[Records from a data collection]
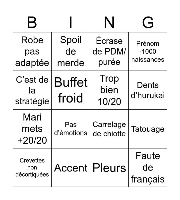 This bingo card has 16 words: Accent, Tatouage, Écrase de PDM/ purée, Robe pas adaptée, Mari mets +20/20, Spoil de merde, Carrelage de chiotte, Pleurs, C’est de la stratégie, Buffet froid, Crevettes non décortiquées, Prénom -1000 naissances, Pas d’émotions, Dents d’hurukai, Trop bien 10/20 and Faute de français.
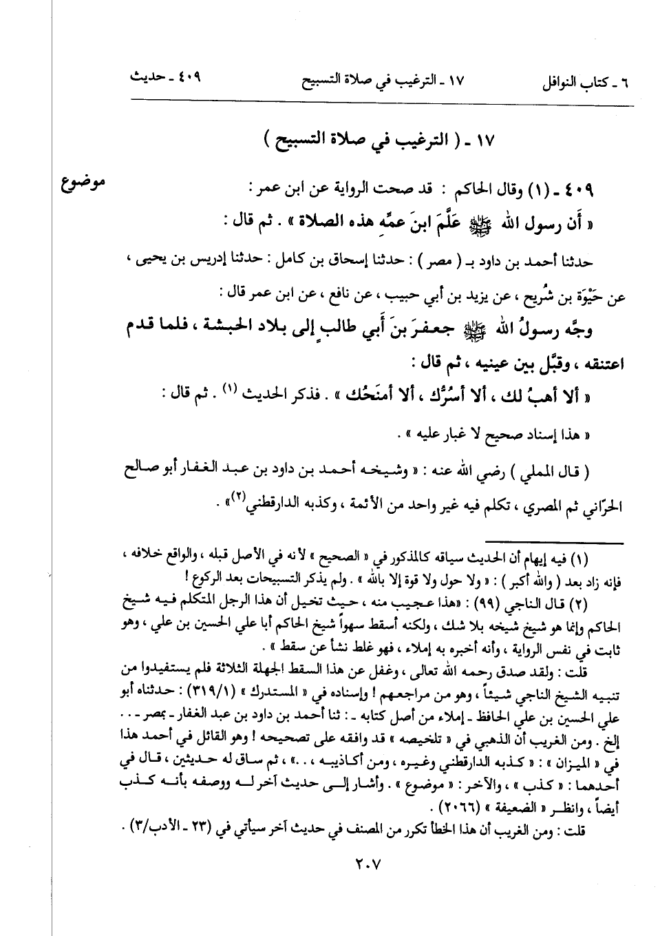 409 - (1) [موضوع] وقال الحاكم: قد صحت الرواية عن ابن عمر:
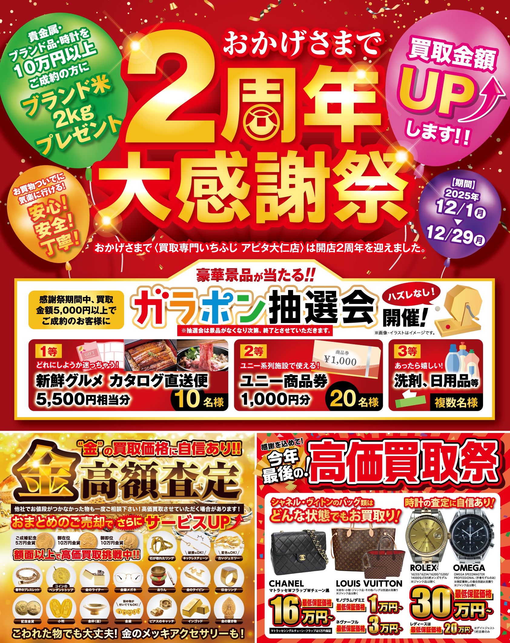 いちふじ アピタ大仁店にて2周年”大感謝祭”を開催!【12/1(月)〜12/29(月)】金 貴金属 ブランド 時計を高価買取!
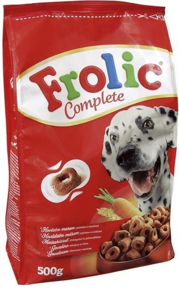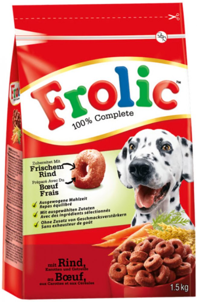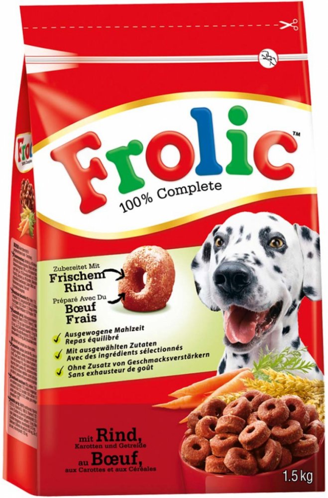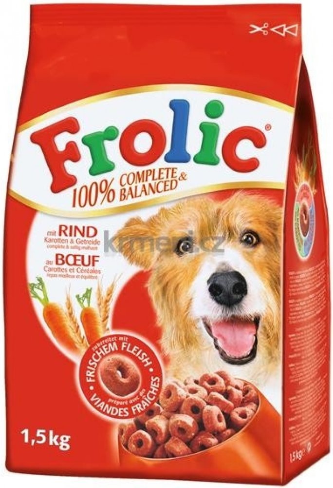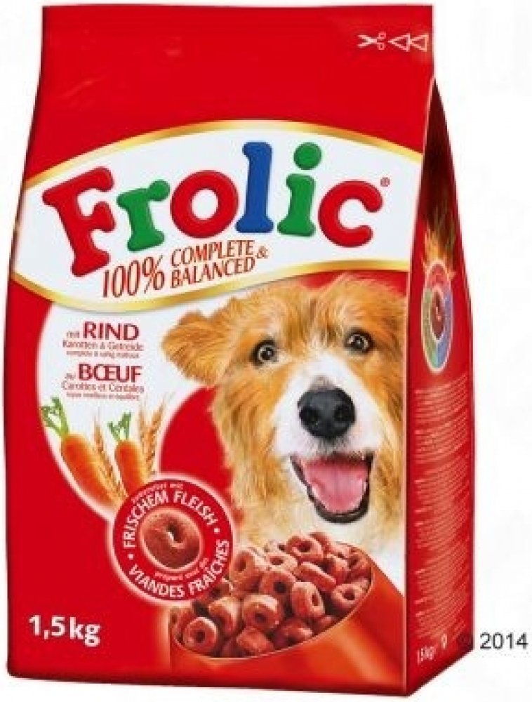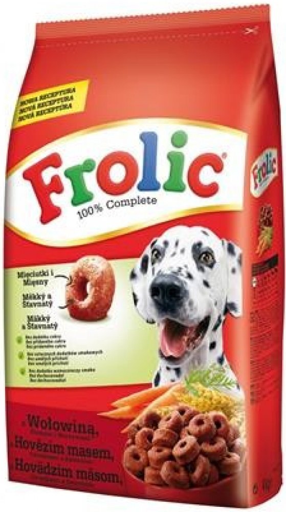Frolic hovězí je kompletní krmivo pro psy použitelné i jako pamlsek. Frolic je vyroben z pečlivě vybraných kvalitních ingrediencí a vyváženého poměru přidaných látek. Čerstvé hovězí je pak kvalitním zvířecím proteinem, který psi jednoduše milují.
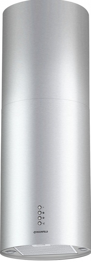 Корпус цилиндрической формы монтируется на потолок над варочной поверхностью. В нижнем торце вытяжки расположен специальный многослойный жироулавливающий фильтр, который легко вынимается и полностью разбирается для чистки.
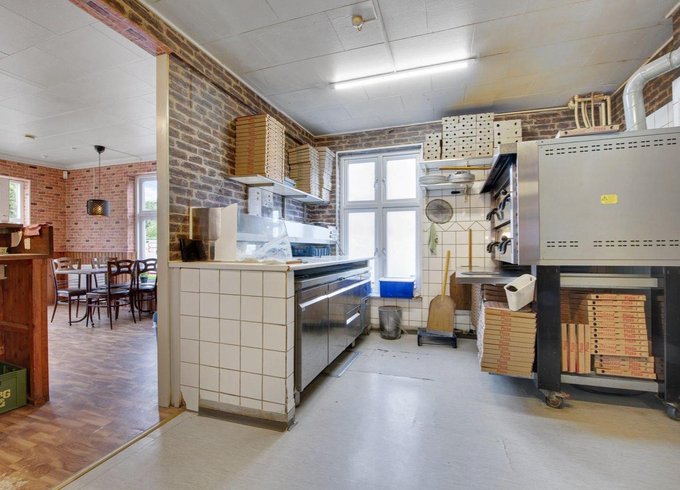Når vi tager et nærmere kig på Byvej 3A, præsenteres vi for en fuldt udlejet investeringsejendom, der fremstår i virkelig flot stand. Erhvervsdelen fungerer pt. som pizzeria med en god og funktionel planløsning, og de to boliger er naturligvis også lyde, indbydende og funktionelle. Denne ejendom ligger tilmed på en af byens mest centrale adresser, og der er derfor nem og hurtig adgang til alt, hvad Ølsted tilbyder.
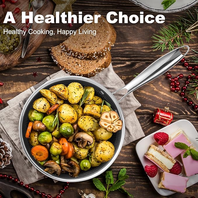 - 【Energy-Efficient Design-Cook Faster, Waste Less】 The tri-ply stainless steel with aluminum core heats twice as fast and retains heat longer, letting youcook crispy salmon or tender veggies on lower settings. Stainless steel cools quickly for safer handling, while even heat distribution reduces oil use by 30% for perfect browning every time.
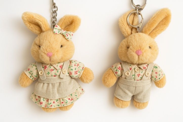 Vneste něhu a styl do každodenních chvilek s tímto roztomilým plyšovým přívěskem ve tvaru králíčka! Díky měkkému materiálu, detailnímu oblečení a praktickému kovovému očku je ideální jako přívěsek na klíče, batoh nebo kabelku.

_TASK DIRECTIONS:_ The stretch above running from the line with "貴金属 ブランド 時計を高価買取!" through the line with "Frolic hovězí je" is all you should copy, exactly, leaving out the pictures.

_RESPONSE:_
 いちふじ アピタ大仁店にて2周年”大感謝祭”を開催!【12/1(月)〜12/29(月)】金 貴金属 ブランド 時計を高価買取!
Frolic hovězí je kompletní krmivo pro psy použitelné i jako pamlsek. Frolic je vyroben z pečlivě vybraných kvalitních ingrediencí a vyváženého poměru přidaných látek. Čerstvé hovězí je pak kvalitním zvířecím proteinem, který psi jednoduše milují.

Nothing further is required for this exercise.